Slowly Changing Dimensions (SCD) define strategies for handling changes in dimensional data over time. Type 1 overwrites old values, while Type 2 preserves full history with validity timestamps.

---

### What is SCD?

**Slowly Changing Dimension (SCD)** — how to handle changes in dimensional data.

| Type | Strategy | Result |
|-----|-----------|----------|
| **SCD Type 0** | Retain original | Always Warsaw |
| **SCD Type 1** | Overwrite | Only Krakow |
| **SCD Type 2** | Track history | Both records with dates |
| **SCD Type 3** | Add column | `current_city=Krakow`, `previous_city=Warsaw` |

### SCD Type 1 — Overwrite

- **No history** — old values are overwritten
- **Use cases:** Error corrections, non-historical data
- **Implementation:** `MERGE INTO ... WHEN MATCHED THEN UPDATE SET *`

In [0]:
%sql
-- ### SCD Type 1 in Lakeflow:
CREATE FLOW silver_products_scd1_flow
AS AUTO CDC INTO silver_products
FROM bronze_products
KEYS (product_id)
SEQUENCE BY ingestion_ts
STORED AS SCD TYPE 1;  -- Overwrite without history

In [0]:
%sql
MERGE INTO dim_customer t
USING source_customers s
ON t.customer_id = s.customer_id
WHEN MATCHED THEN UPDATE SET *
WHEN NOT MATCHED THEN INSERT *

### SCD Type 2 — Track History

- **Full history** of changes with `__START_AT`, `__END_AT`
- **Use cases:** Audit, historical analysis, compliance
- **Current record:** `__END_AT IS NULL`

### Demo: SCD Type 2 with AUTO CDC

In [0]:
%sql
-- Creating target table SCD2
CREATE OR REFRESH STREAMING TABLE silver_customers (
  customer_id        STRING,
  first_name         STRING,
  last_name          STRING,
  city               STRING,
  -- SCD2 columns added automatically:
  __START_AT         TIMESTAMP,
  __END_AT           TIMESTAMP
);

-- Flow with AUTO CDC for SCD2
CREATE FLOW silver_customers_scd2_flow
AS AUTO CDC INTO silver_customers
FROM STREAM bronze_customers
KEYS (customer_id)         -- Business key
SEQUENCE BY ingestion_ts   -- Column determining the order
STORED AS SCD TYPE 2;      -- SCD Type

-- ### Key elements:
-- - **KEYS** - columns identifying the business record
-- - **SEQUENCE BY** - column determining the order of changes
-- - **STORED AS SCD TYPE 1|2** - SCD type

---

## Lakeflow Pipelines — Declarations

Lakeflow (formerly Delta Live Tables) enables a declarative approach to building data pipelines — you define the desired outcome rather than step-by-step logic. This section covers table types, expectations, FLOW declarations, and both SQL and PySpark syntax.

---

### What is Lakeflow?

**Lakeflow** (formerly Delta Live Tables) — declarative framework for data pipelines.
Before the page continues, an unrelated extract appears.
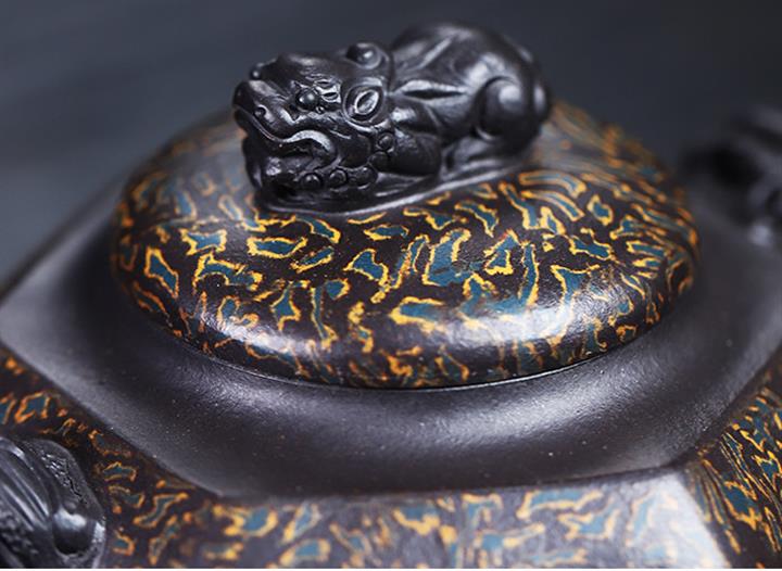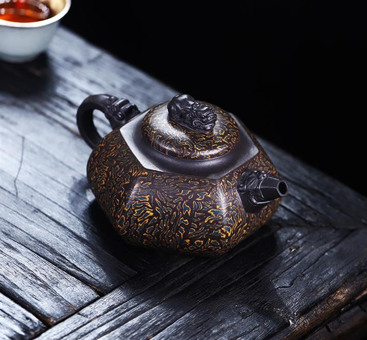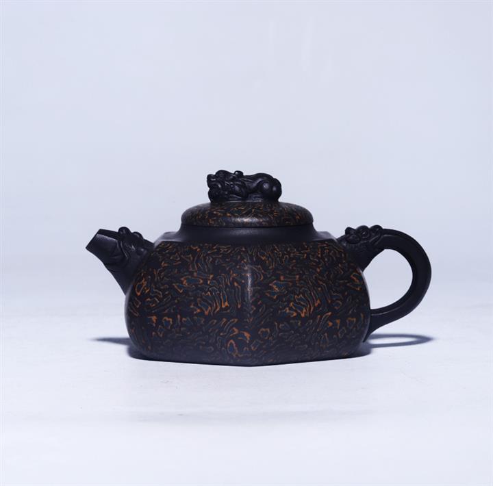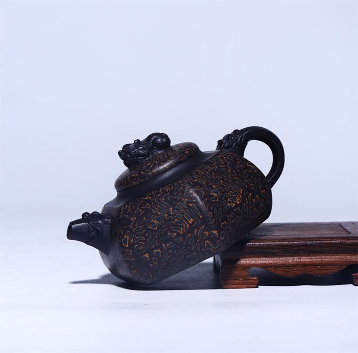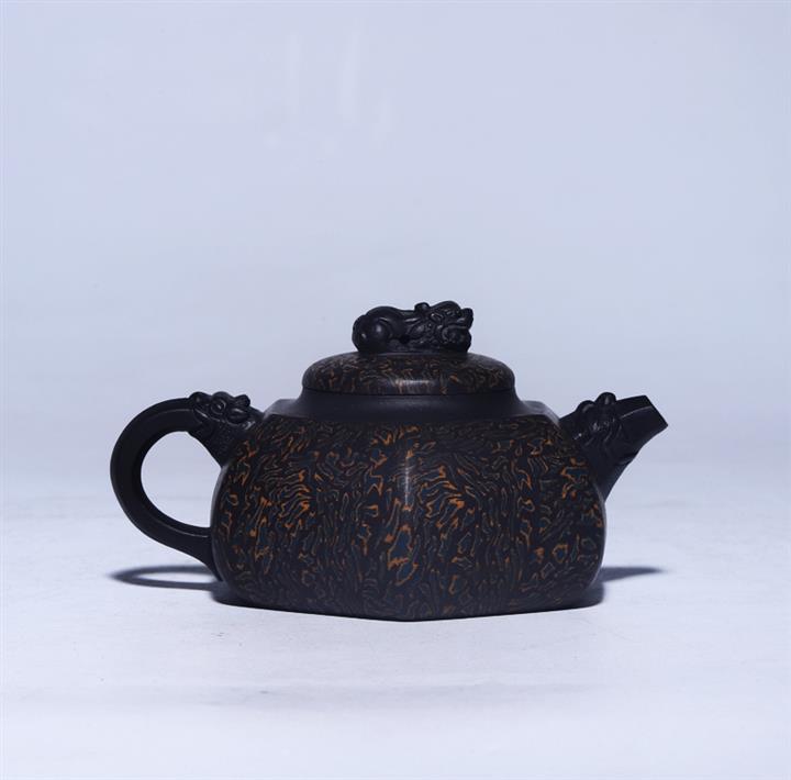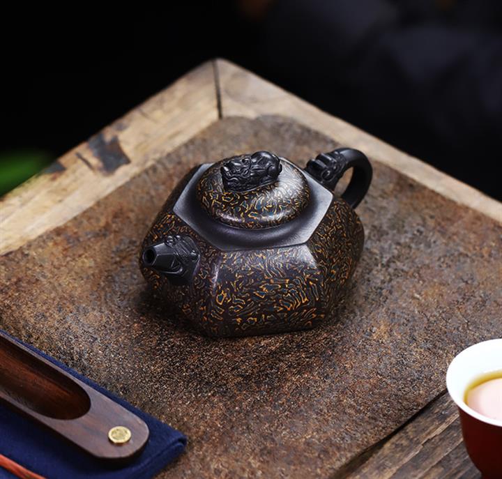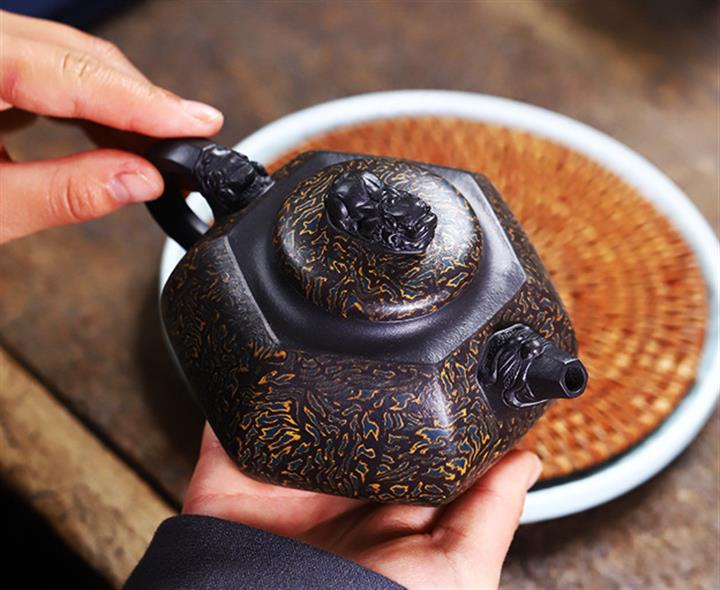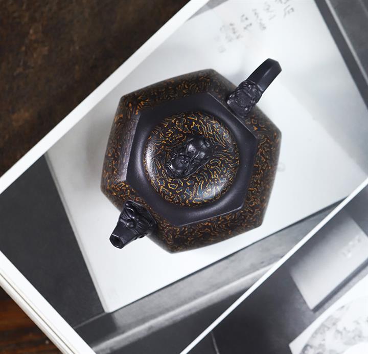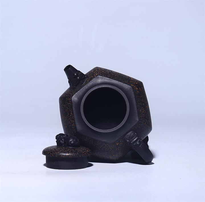 手工紫砂壺證書全陳腐黑絞泥六方黑豹pot3894

| Approach | Example | You describe |
|-----------|----------|-------------|
| **Imperative** | `df.write.mode("overwrite")...` | HOW |
| **Declarative** | `CREATE TABLE AS SELECT...` | WHAT |

Key benefits: automatic dependencies, built-in data quality, unified batch/streaming, automatic recovery, lineage & monitoring.

### Table Types in Lakeflow

| Type | Usage | Processing |
|-----|--------|-----------|
| **STREAMING TABLE** | Append-only ingestion | Incremental (new rows only) |
| **MATERIALIZED VIEW** | Aggregations, Gold layer | Full recomputation |
| **VIEW** | Intermediate logic | Not materialized |

> **Exam:** STREAMING TABLE = incremental (new data only). MATERIALIZED VIEW = full recompute each refresh.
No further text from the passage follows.